Chapter 58 Coma and Depressed Sensorium
Pathophysiology
The brain tolerates only limited physical or metabolic injury. Coma implies advanced brain failure, and the longer the brain failure lasts, the greater the possibility that the injury will result in permanent neurologic impairment. Coma may be described simplistically as a lack of consciousness. Posner and colleagues1 describe coma as a “state of unresponsiveness in which the patient lies with eyes closed and cannot be aroused to respond appropriately to stimuli even with vigorous stimulation.” Comatose patients may grimace in response to pain and the extremities may move in stereotypical withdrawal patterns, but the patient cannot localize responses or make defensive movements. As a coma deepens, responsiveness even to painful stimuli may be lost.
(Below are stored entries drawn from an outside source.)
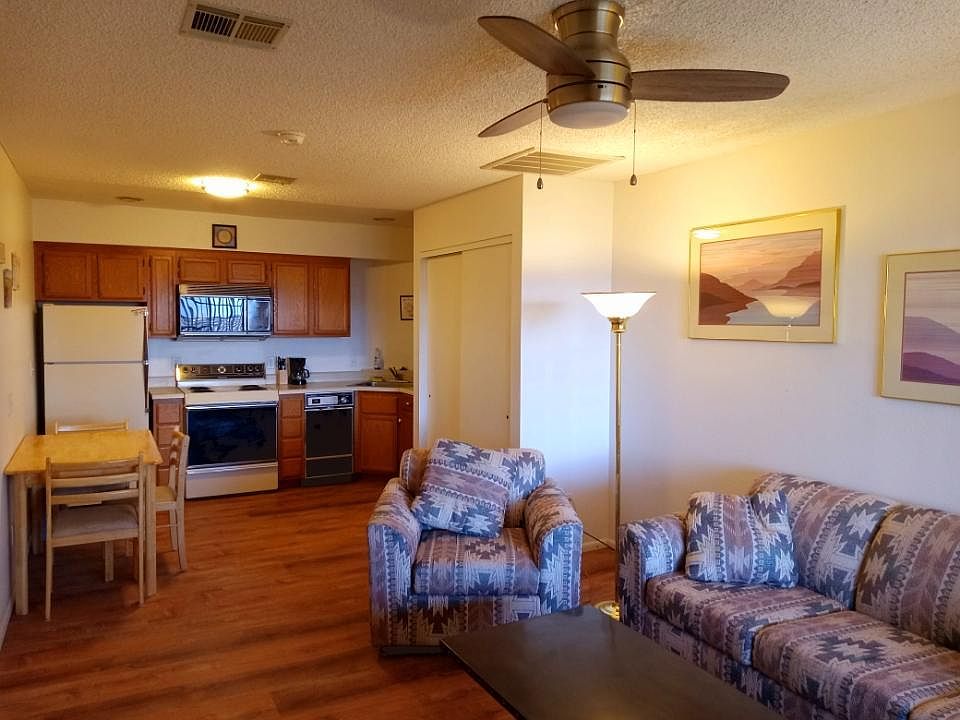 Greenehaven Community in Page Arizona's is a Dark Sky Community w/great views including Kaiparowits Plateau. Lake Powell, Glen Canyon Dam, Lone Rock Beach and Wahweap Marina are only a few minutes away. Lake Powell offers Boating, Fishing, Kayaking and Jet Skiing. Day trips to Zion Canyon, Bryce Canyon, North Rim of Grand Canyon with Monument Valley only several hours away. This is a second floor furnished condo with views from the balcony. Owner pays HOA fees, water, sewer and garbage. Tenant pays electric bill. Cable and Internet are optional for tenant. No smoking. No pets.
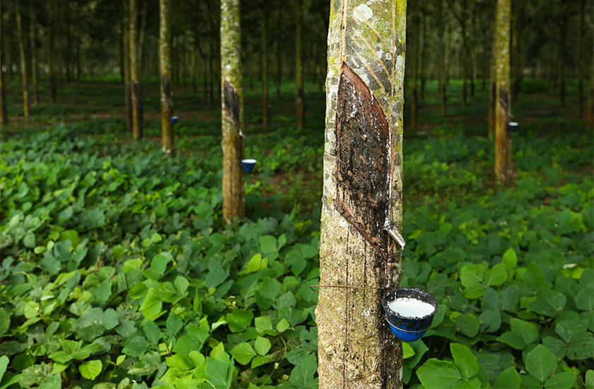 自動車などに使われているタイヤの半分(※)は、ゴムから出来ています。その中でも重要なのが天然ゴム。強度、耐久性など、合成ゴムに比べて優れた特徴を持っている天然ゴムは、タイヤを製造する上で欠かせない、非常に重要な素材です。
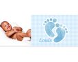 Crea online lo stile del tuo salvadanaio per bambini e personalizzalo con la stampa grafica dallo sfondo celeste a quadretti, con la cornice disegnata, con piccolo piedini posti al centro; potrai impreziosirla con una frase, parola o data da stilizzare o magari potrai inserire una delle nostre clipart.
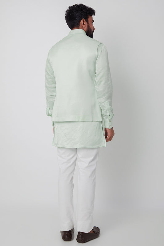 Mint Green Linen Satin Nehru Jacket With Kurta Set
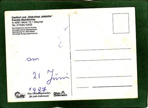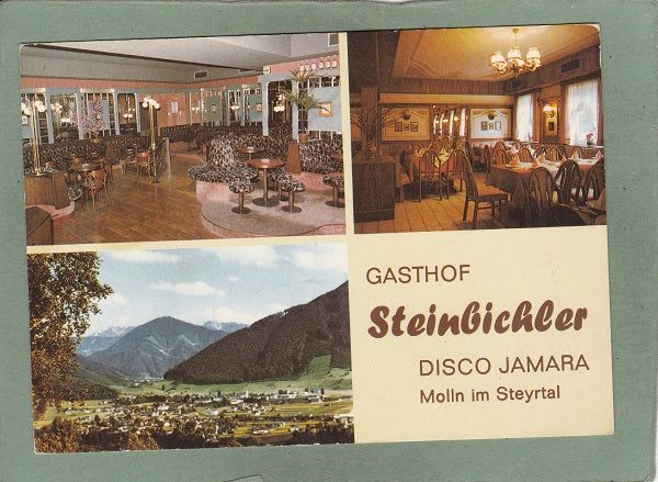 AK Molln im Steyrtal. Gasthof Steinbichler. Disco Jamara. Molln 72. Ungelaufen. Großformat. Verlag: Druckerei Bad Hall. Zustand: etwas zerkratzt, Knick am unteren Rand beim linken Eck.
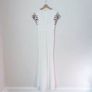 Mac Duggal Beaded Cap-Sleeve Jersey Gown White
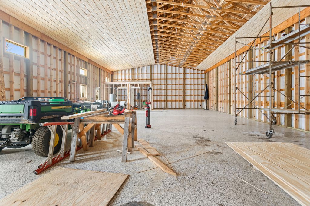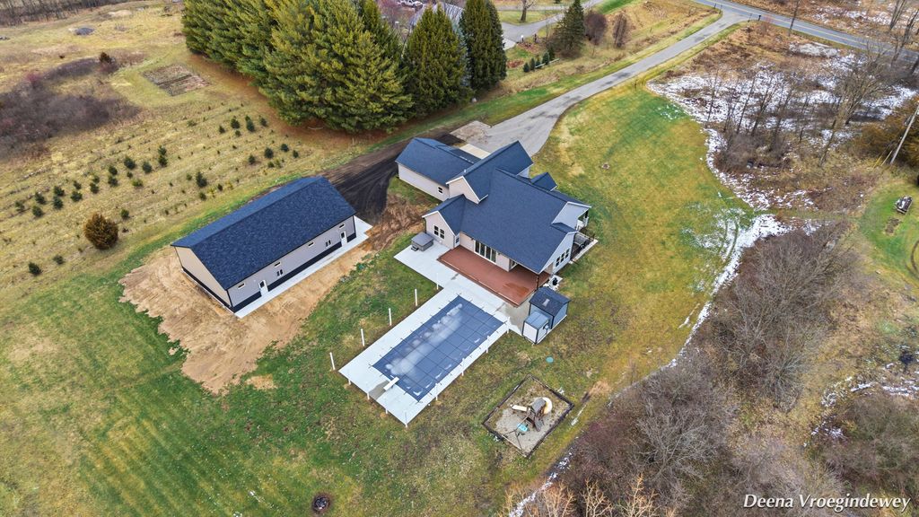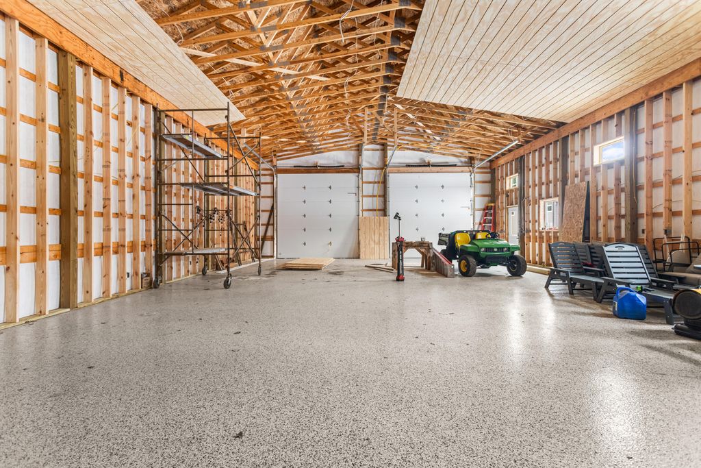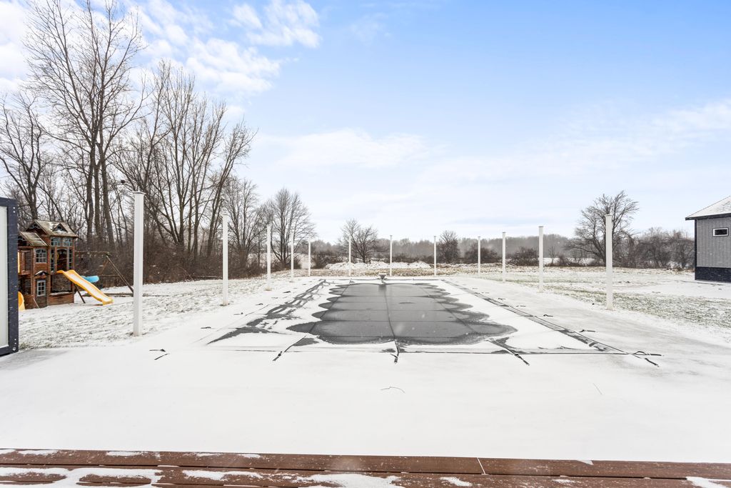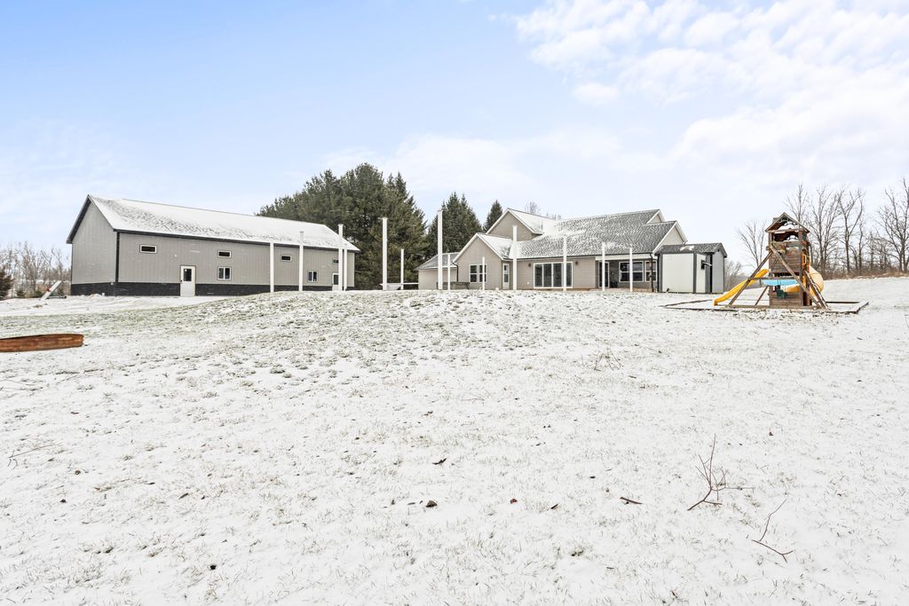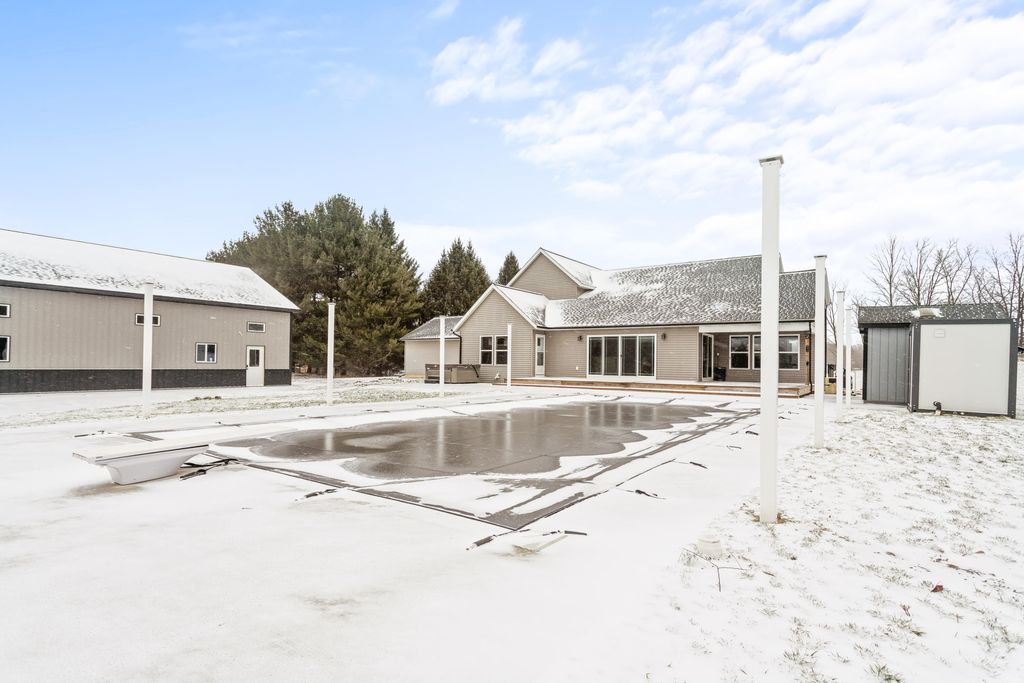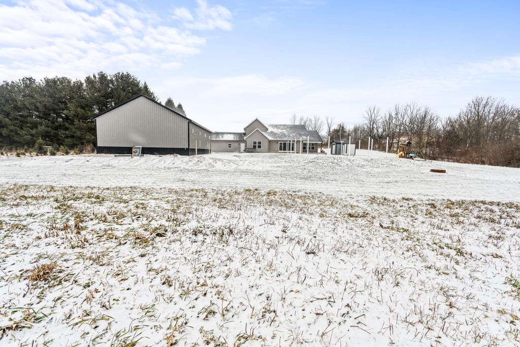 Newer 6-year-old home showcasing modern design and thoughtful functionality throughout. The main floor features a desirable primary suite with direct access to the deck, perfect for relaxing mornings or evenings outdoors. Enjoy a huge, expansive open-concept kitchen complete with quartz countertops, a spacious dining area, and a bright living room ideal for entertaining. Also on the main level is a newly added mudroom and a flexible office or second bedroom to suit your needs.Upstairs offers two additional bedrooms and a full bathroom. The finished basement provides a large recreation area, two more bedrooms, one bathroom, and plenty of storage space.If the interior doesn't sell you, the exterior certainly will. A brand-new 35x60 pole barn features epoxy floors, a finished ceiling, rough-in plumbing for a future bathroom, and both gas and electric service. The outdoor amenities continue with a 20x40 heated saltwater pool complete with an 8-foot sun ledge and automatic cover,plus a storage shed and a truly unique outdoor bathroom and shower. To top it all off, the oversized heated three-stall garage makes this property stand out even more. Call today for your private showing.
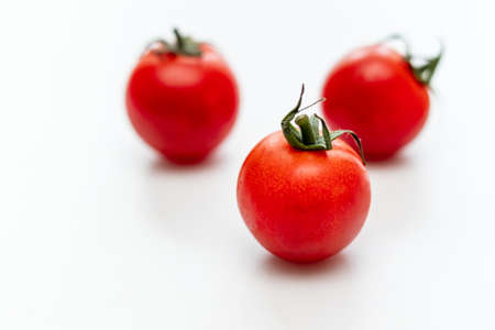 Three cherry tomatoes on white background
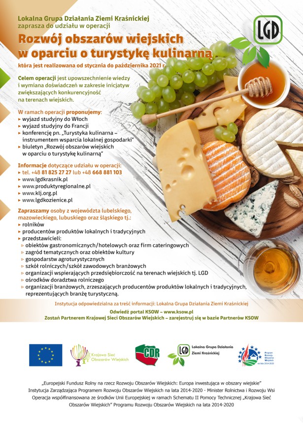 Lokalna Grupa Działania Ziemi Kraśnickiej w partnerstwie z Polską Izbą Produktu Regionalnego i Lokalnego w Warszawie, Stowarzyszeniem Kraina Lasów i Jezior –Lokalna Grupa Działania oraz Stowarzyszeniem Lokalna Grupa Działania „Puszcza Kozienicka” zaprasza do udziału w wyjeździe studyjnym do Włoch w ramach operacji pn. „Rozwój obszarów wiejskich w oparciu o turystykę kulinarną w dniach 9-13 sierpnia 2021 roku Celem wyjazdu studyjnego jest upowszechnienie wiedzy i wymiana doświadczeń w zakresie inicjatyw zwiększających konkurencyjność na terenach wiejskich.
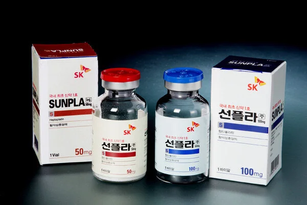 식품의약품안전청은 13일 SK케미칼과 SK제약이 개발한 항암제 `선플라주(注)'에 대한 시판허가를 최종 결정, 제약산업사 100년 만에 처음으로 신약을 개발하는 데 성공했다고 밝혔다. (중략) SK제약은 지난 90년부터 선플라주의 개발을 시작, 10년간 모두 81억 원에 달하는 연구개발비를 투입한 끝에 시판 허가를 받았으며 오는 9월부터 시중에 공급할 예정이다.
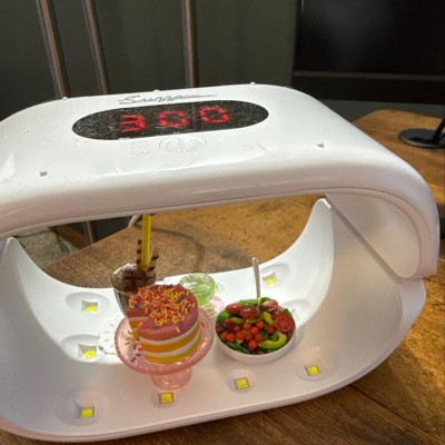 Resin DOES NOT CURE after a week in full sunny window. I am so glad I bought this on sale for $25 because feel like I threw my money away. My daughter was so excited to make the buffet items but what a waste of money when the resin stays sticky just bought a UV flashlight (not MGA) and we’ll see if that works.
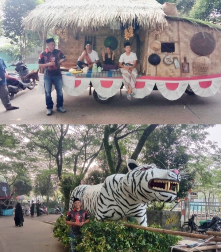 Yang tak kalah seru warga RW 03 Rawa Macek membuat dongdang miniatur harimau yang terbuat dari bahan kertas semen dan karung.
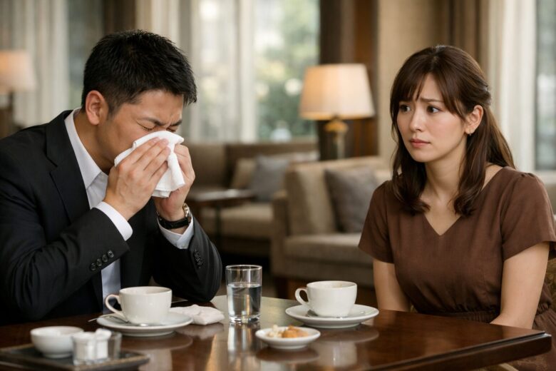 花粉症でつらいのは分かるけど、ラウンジのおしぼりで鼻をかむのは衛生面的にかなり気になる行動ですよね。お見合いは所作が印象を左右するので、ここで引っかかるのは普通です。
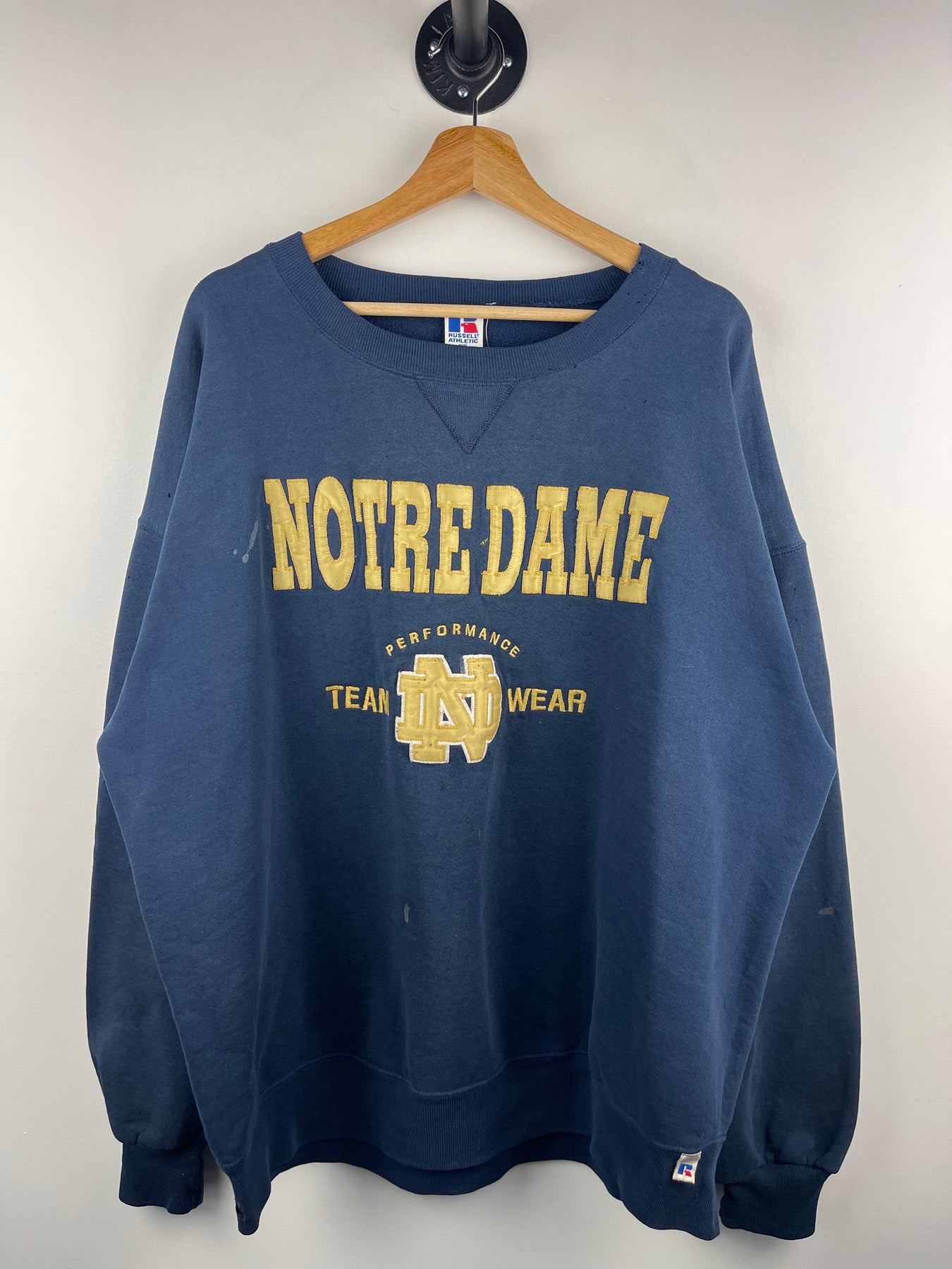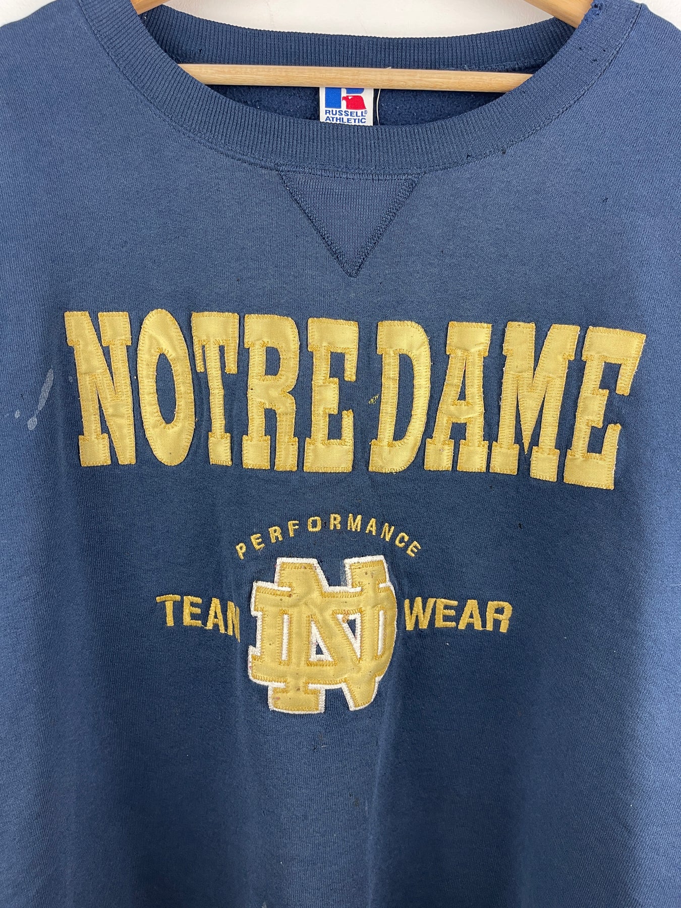 Vintage 90s Russell Athletic Notre Dame Team Wear Embroidered Navy Crewneck
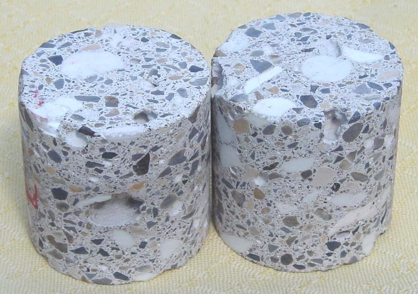 * Feuerbeton-Probekörper: (50 mm hoch, 50 mm Ø) nach Trocknung bei 110 °C. (weiß = Sintertonerde-Körner, dunkel = Normalkorund-Körner)
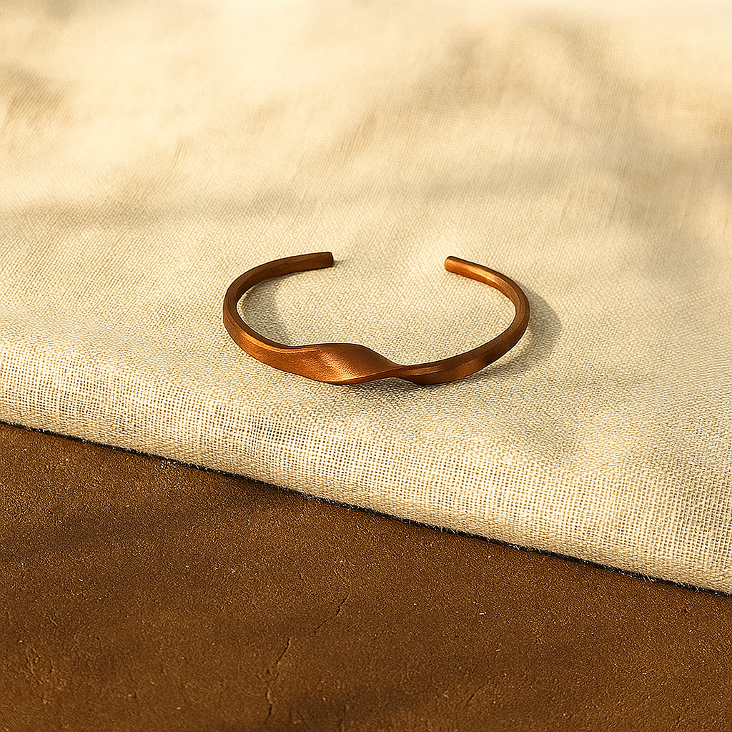 - Produktbeskrivelse : En skulpturell messingmansjett som vrir seg mykt rundt håndleddet. Håndlaget av håndverkere i Dakar, gjenspeiler den Oriaku Studios afro-skandinaviske harmoni gjennom form og tekstur.

Because motor reflexes are preserved, the depth of a coma cannot be assessed based only on motor responses. In many comatose patients, reflex movements will develop in response to stimuli. The depth of coma is best assessed by the patient’s level of consciousness.
Consciousness is a set of neural processes that allows an individual to perceive, comprehend, and act on and in the internal and external environment.1,2 Two neurophysiologic functions, arousal and awareness, which have discreet neuroanatomic locations, are integrated in the conscious person.3 Arousal or wakefulness describes the degree to which an individual appears to be able to interact within the environment. Awareness reflects the depth and content of the arousal state. When one is aware, one is alert (or aroused) and cognizant of self and surroundings. The relationship between wakefulness and awareness is hierarchical: Awareness cannot occur without wakefulness, but wakefulness may be observed in the absence of awareness (e.g., sleep/wake cycles in a vegetative patient).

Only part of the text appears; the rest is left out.